もっとも、Bは①のとき売却代金を自己の株式購入の資金とする意図であったので、①は代理人の権原濫用行為である可能性がある。
代理人の権限濫用意図につき相手方が悪意又は有過失の場合は相手方は保護に値しない。そこで、同場合には、93条但書を類推適用して、代理行為は無効である。
もっとも、BはAの親権者である。親権者が子を代理してする法律行為は親権者の広範な裁量にゆだねられている。そこで、特段の事情が存しない限り、代理権の濫用に当たらない。
本件では、Bは、上述のように、売却代金を自己の株式購入の資金とするという、自己の利益のみを図る意図を有しており、同特段の事情が認められ、Bの行為は代理人の権原濫用行為に当たる。よって、Bの同意図につきDが悪意又は有過失の場合には、①の行為は無効であり、乙自動車所有権はAに帰属したままであるので、Aは上記取戻しができる。
2 後段について
①②は前段と同じである。しかし、③①の1か月前に親権の喪失の宣告が確定しており、①は無権代理行為であるのが原則である。

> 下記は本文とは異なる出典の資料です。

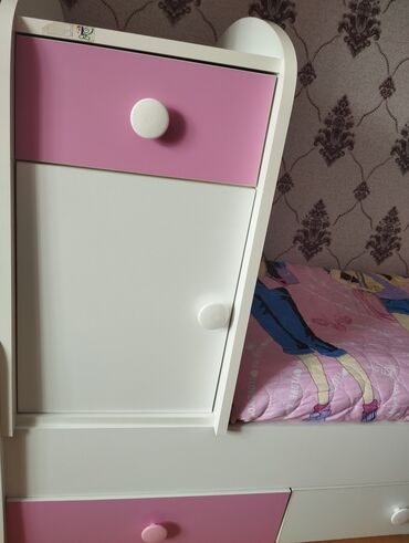 Qız uşaqları üçün zərif dizayn, otaqla ahəngdar rənglər. Dəst praktik saxlama yerləri və gündəlik istifadə üçün rahat funksionallıq təqdim edir.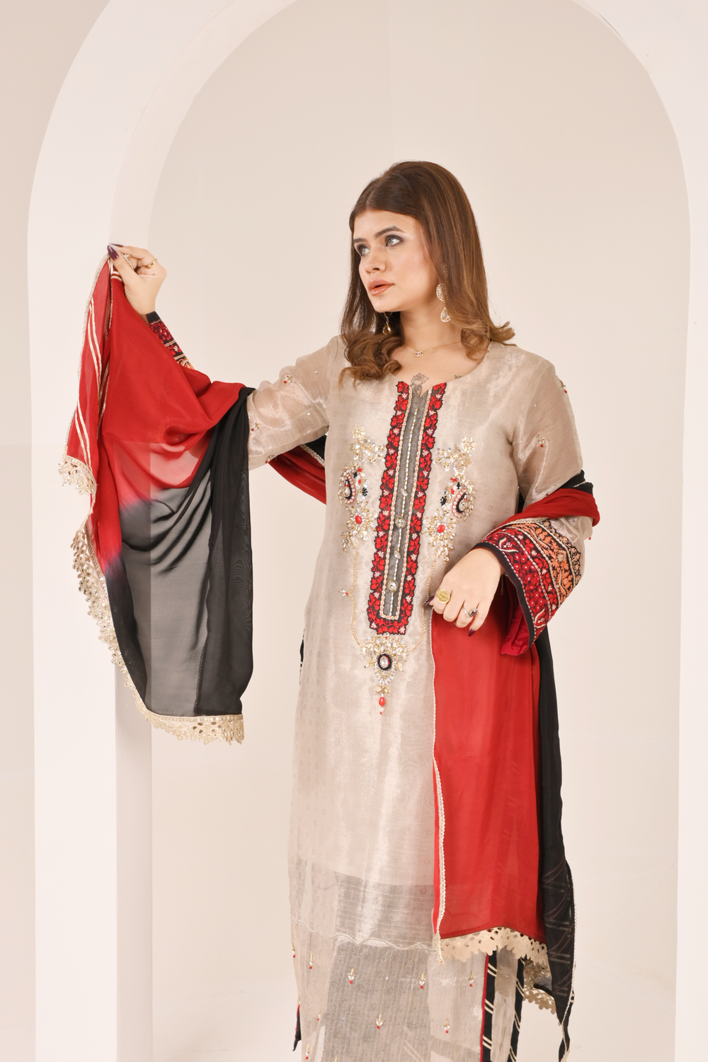 Crafted from pure lama tissue fabric, this stunning outfit features a timeless design. The shirt is paired with a luxurious silk dupatta and classic black trousers, creating a perfect balance of elegance and tradition. This ensemble exudes sophistication, making it ideal for festive and formal occasions. The neckline and sleeves are adorned with intricate hand embroidery, showcasing meticulous handwork with dabka, stones, sequins, and beads. Each detail reflects exceptional craftsmanship, adding a touch of brilliance to the overall look.

また、112条は親権者による代理のような法定代理には適用されないと考える。なぜなら、未成年者本人に帰責性がない以上、相手方の取引安全よりも本人の静的安全を重視すべきだからである。
よって、乙自動車所有権はAに帰属したままであるから、Aは上記取戻しをすることができる。
(1848字)
※第1.1:本問のように、過去に代理権があったことを相手方が知らなかった場合は、112条の適用を認めないとする見解もある(「佐久間1P.283補論」)。
※第1.2:①112条は111条の次に規定されており、112条は一度存在した代理権が事後的に消滅した場合を予定している。よって、112条は、代理権が遡及的に消滅する場合には適用されない(「読み解く民法」P.70)。②AのBに対する詐欺が第三者の詐欺に当たることにつき「事例で学ぶ」P.55.2第2・第3段落に説明ある。
※第2.2:判例は法定代理への112条の適用を肯定する。